For voltage regulation of the networks in the central network nodes rule transformers are provided. Control transformers serve the gradual voltage regulation of electrical networks by changing the transmission ratio. For this purpose, variable transformers contain standard winding with taps which are switched by means of the transformer stage switches under load. During the switching operations, neither the load current flow may be interrupted nor the winding stage between the affected taps short-circuited. The second requirement results from the fact that during each switching of two adjacent taps necessarily, due to the first request are temporarily connected to each other, and thereby flows over the switch and the affected sub-winding, a circulating current equal to the transformer short-circuit current whose effects the transformer, before everything in the periodic operation, not able to withstand. This transformer short-circuit current is relatively high because normally the internal resistance of the transformer is small. In addition, the tap changers of the transformers would have to be tuned to the periodic switching of these high short-circuit currents. 3

The switchover in the tap changer of the transformer is not made directly, but in several stages, for the above reason, during which switching overshoot impedances are briefly switched into the circuits of the taps, which limit the circulating current. Common are both ohmic overshoot impedances in the European area, as well as inductive switching impedances in the American area. For multi-stage switching, several override principles are used, named after the appearance of the phasor diagrams of the switching operations. So one speaks then of a symmetrical or unbalanced flag or pennant circuit.

A disadvantage of the measures used to date to limit the circuit current is that they lead to complex switching principles and require complex versions of the control transformers.

The object of the invention is therefore to provide a method of the type mentioned, on the one hand avoids the above drawbacks and on the other hand by a new user-friendly field of application of the voltage regulation allows a higher and more efficient utilization of existing networks or guaranteed.

The object is achieved by the invention.

The inventive method is characterized in that the control transformer is looped in the course of energy flow between at least one generator and at least one end user with a switch the partial windings of the control transformer switch, the control transformer has a high stray impedance, the circuit current in the case of a short circuit of adjacent taps Partial windings limited to the magnitude of the rated current, has.

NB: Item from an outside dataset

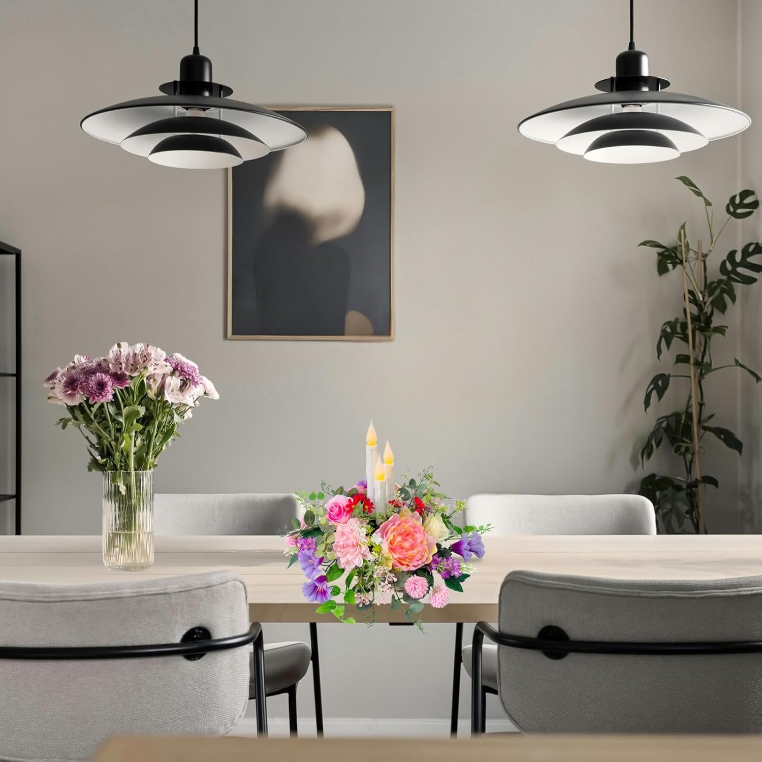 Enhance your home decor with this elegant floral centerpiece, featuring a lifelike mix of peonies, roses, and morning glory. Designed for dining tables, weddings, and special occasions, this artificial floral arrangement adds charm and sophistication to any setting. This battery-powered centerpiece is compatible with taper flameless candles, creating a warm, inviting atmosphere without the hassle of real flames. It runs on 3 AAA batteries (not included), allowing you to place it anywhere without worrying about power cords. Ideal for all-season decor, this versatile centerpiece complements both spring and summer themes while also serving as a stylish decoration for weddings, holiday gatherings, and everyday use. Whether used as a table centerpiece, mantel accent, or wedding decoration, it brings a touch of timeless elegance to your space

With the invention, it is possible for the first time to carry out a voltage regulation in networks or consumer installations, in the vicinity of the consumer, on the basis of regulating transformers which have an increased impedance of the control winding 4, so that a simplified tap-changer without over-switching impedances can be used.

Due to the liberalization and decentralization of the electrical energy supply and due to the higher bidirectional utilization of the networks, the consumer-side voltage differences between heavy load reference,

Low load and possibly feed greater. For voltage maintenance, therefore, a voltage regulation should be carried out at the level of the low voltage or possibly at the level of the medium voltage as an economical solution.

It is a further object of the invention to provide a device for carrying out the method, which is above all simple and robust in construction and in operation and can be produced economically.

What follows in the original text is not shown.